A comparison between Canadian & American universities invites the bad & the good

Comparing Canadian universities to America’s Ivy League institutions is like comparing apples and oranges — it’s an invalid comparison as well as unnecessary. 
When Justin Trudeau stopped in London, ON last week as part of his cross-country tour, he told a roomful of Western students that the school was the “Harvard of Canada”
And while he’s not the Prime Minister, Principal Daniel Woolf has been known to set Queen’s to the same standard. In a letter leaked in 2011 discussing the University’s reputation, Woolf wrote, “the distinctive small-town Ivy League experience of a Queen’s education … should be embraced.” 
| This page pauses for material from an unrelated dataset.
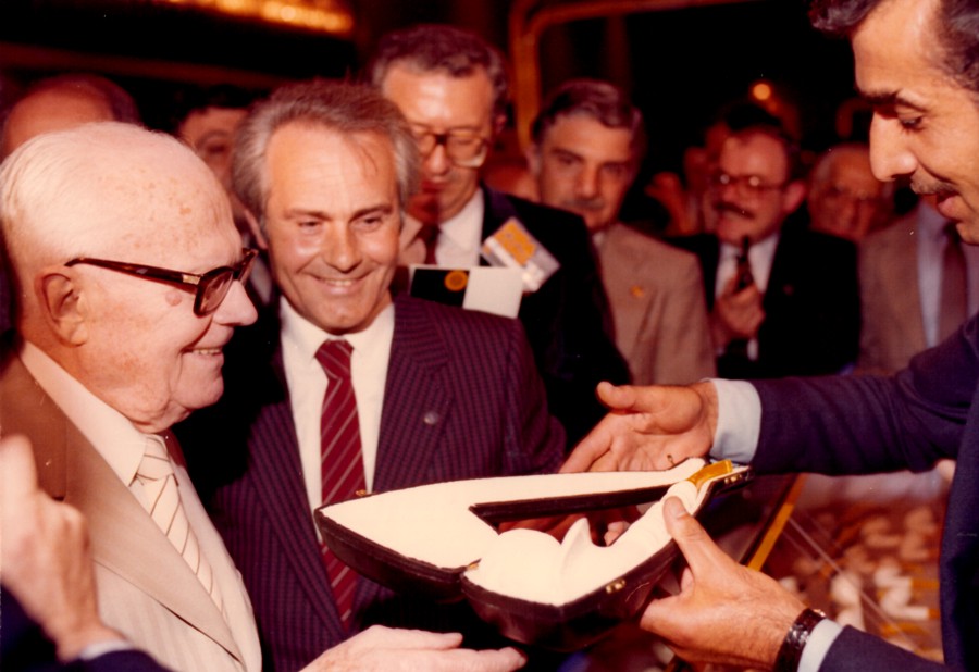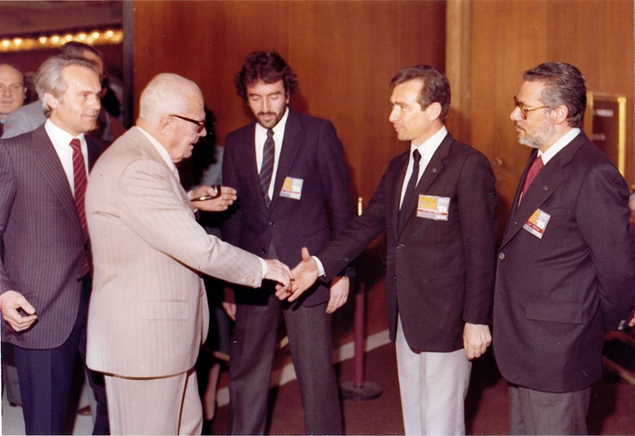 Foto 6/25 - Fausto Fincato presenta al Presidente Pertini i membri del Comitato Organizzatore. Nella foto il Presidente stringe la mano a Toni Di Rossi (io) insieme ad Alberto Acciari e Xxxxx Yyyyy.

The tendency to compare seems natural — we’re always comparing what we have in Canada to its American counterpart, from political leaders to healthcare systems, and even universities. 
In this case, though, American schools are on a completely different playing field than Canadian universities — and not necessarily a better one. Harvard and its Ivy League companions have a social elitism attached to them that stretches beyond the quality of education. 
It’s not always the degree itself that gets Harvard graduates a job when they leave — it’s the name. And while our system isn’t without its own elitism, the significance placed on reputation in the United States creates a difficulty in accessing these prestigious schools. The result is a hierarchical and exclusive system — one that maintains the status quo.  
Differences in funding also lessen the ability to make a valid comparison. U of T, the school with the highest endowment in Canada, hit 1.6 billion dollars in 2012 according to Maclean’s. Harvard, on the other hand, had 31 billion.
Not only is the comparison an invalid one to make, but it may not carry the best connotations. Like Queen’s, Harvard made recent headlines for their lack of diversity, as well as their prevalent rape culture. Ivy League universities are often founded on tradition and it seems this same value can hold them back with institutions like often male-only and highly exclusive final clubs. In what sense then should we be proud to be like Harvard? 
Canadian universities that try to be like elite American schools may carry over more than just the good stuff — we’re associating ourselves with the negative aspects of these institutions as well.  
When we compare Canadian universities with glorified Ivy League schools, we shouldn’t be blinded to what the name connotes, but think critically about the role model we’re following.